立ち読み広告 2008.3/vol.10-No.12

本当の「愛」の意味を知っていますか?
 1月11日、『広辞苑』の第六版が発売された。前回から10年ぶりの大改訂である。今回の新収項目は約1万。
 どんな言葉が収録されるのかについて、発売前からずいぶん話題になっていた。たとえば「いけ面」「癒し系」「逆切れ」などの現代語、「クレーマー」や「スキミング」などのカタカナ語、「ICタグ」や「ADSL」「ファイアウォール」などのIT用語が収録された。
 なかでも「いけ面」について、「『めん』は『面(顔)』じゃなくて『men』だろう」なんて議論がネット等で交わされた。「めっちゃ」や「さくっと」「うざい」などが、『広辞苑』に収録するほど定着しているのかどうか、なんていう意見もある。いずれにしても、収録する・しないがこれだけ注目されるのも、『広辞苑』の権威を誰もが認めているからだろう。
 発売日、1月11日の朝刊第5面に『広辞苑』の全面広告。これにはうならされた。上半分あまりはドリームズ・カム・トゥルーの吉田美和がマイクを持って歌う横顔の写真。空間部分に大きく「愛」とあり、その下に「には、どういう意味があるんだろう。吉田美和」と続く。下段は「ことばには、意味がある。」のコピーと広辞苑の背表紙ほかのシンプルな構成。
 吉田美和の「愛にはどういう意味があるんだろう」というつぶやきが胸を打つ。
 2007年9月、吉田は事実婚のパートナーだった映像ディレクターの末田健を胚細胞腫瘍で亡くした。また、ドリカムには、大ヒットした『LOVE LOVE LOVE』という曲のほか、たくさんのラブソングがある。その吉田に「愛」という言葉を語らせている。
 読者はこの広告を見た瞬間、吉田と末田の「愛」について考えただろうし、ドリカムのこれまでの数々の曲について思いをはせただろう。写真の中の吉田の声が、読者の頭のなかで聞こえたはずだ。

健闘する紙の辞書

 それはさておき、『広辞苑』は売れ行きも好調だ。版元は初回30万部を予定していたというが、書店からの注文は34万部。

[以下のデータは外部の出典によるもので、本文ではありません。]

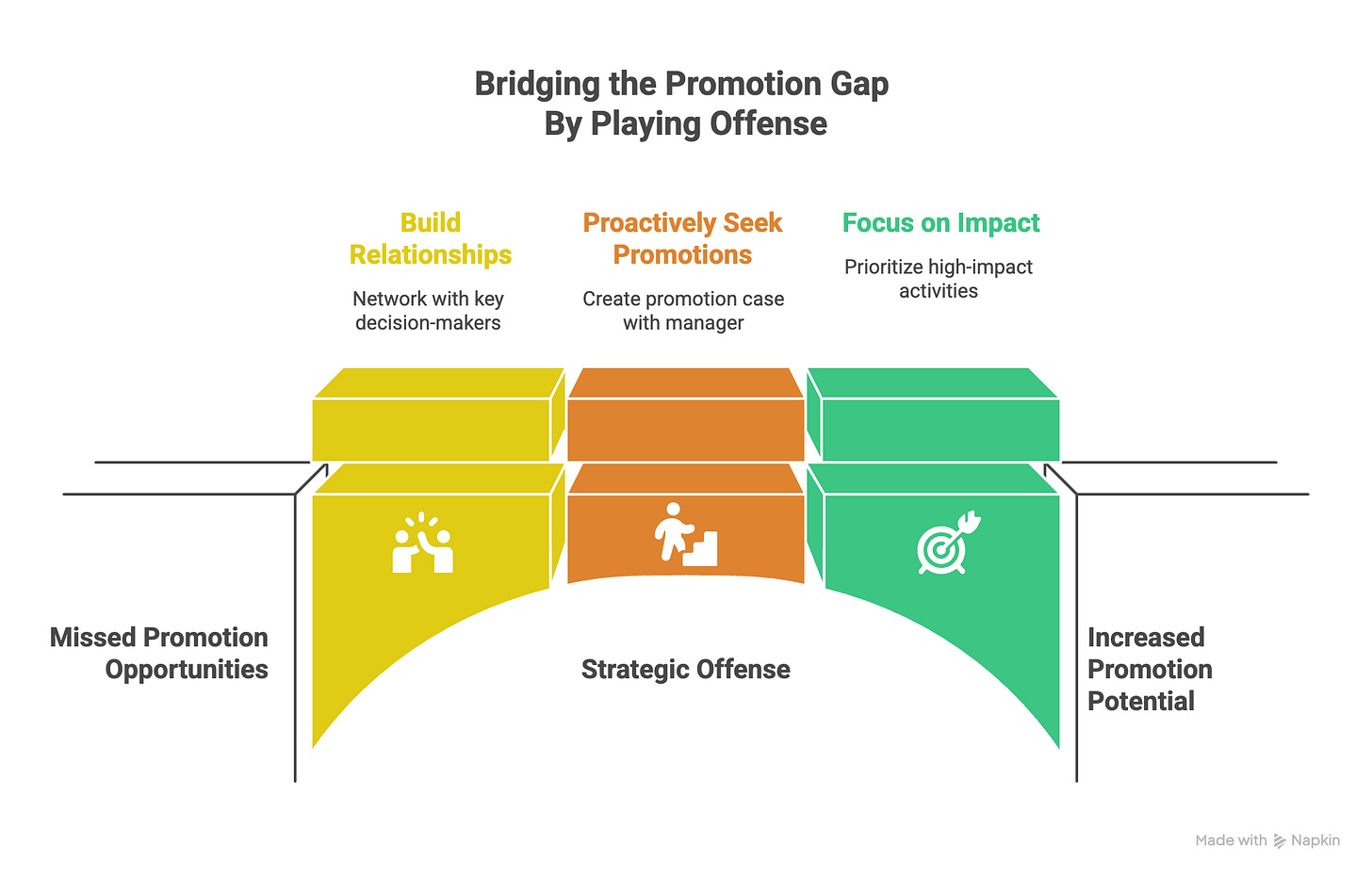 The promotion system feels rigged because it rewards self-leadership in a world that trains us to seek external validation. You can't think about your promotion in one day, or even one month, it's about being honest with yourself about how you're spending your time, having allies who can speak for you, and trusting yourself enough that the promotion becomes acknowledgment rather than validation.

ふだんはあまり岩波書店の本を置いていない中小の店でも、『広辞苑』だけは積んでいたりする。
 『広辞苑』第六版発売と前後して、紙の辞書に関する話題も多い。たとえば昨年、中改訂を行った平凡社の『世界大百科事典』全34巻は初版を売り切って重版待ち。新潮社の『新潮日本語漢字辞典』も昨年9月の発売以来、順調に版を重ねている。三省堂は『広辞苑』第六版発売の前日に『三省堂国語辞典』(通称「さんこく」)の第六版を発売したが、これも売れ行き好調。辞書はすっかり電子の時代のように思われていたが、どっこい紙の辞書も健闘している。
 そういえば「立命館メソッド」なるものをご存知だろうか。立命館小学校では1年生から児童に辞書を引かせる授業をしている。とにかくどんどん引かせる。引いたページには付箋を貼る。児童の辞書は付箋で膨らみ、あっという間にボロボロになる。それと比例して、児童の好奇心ややる気は上昇、学力も伸びるというのである。
 紙の辞書は衰退するという見方もあるが、共存共栄していくのではないか。いや、そうあってほしい。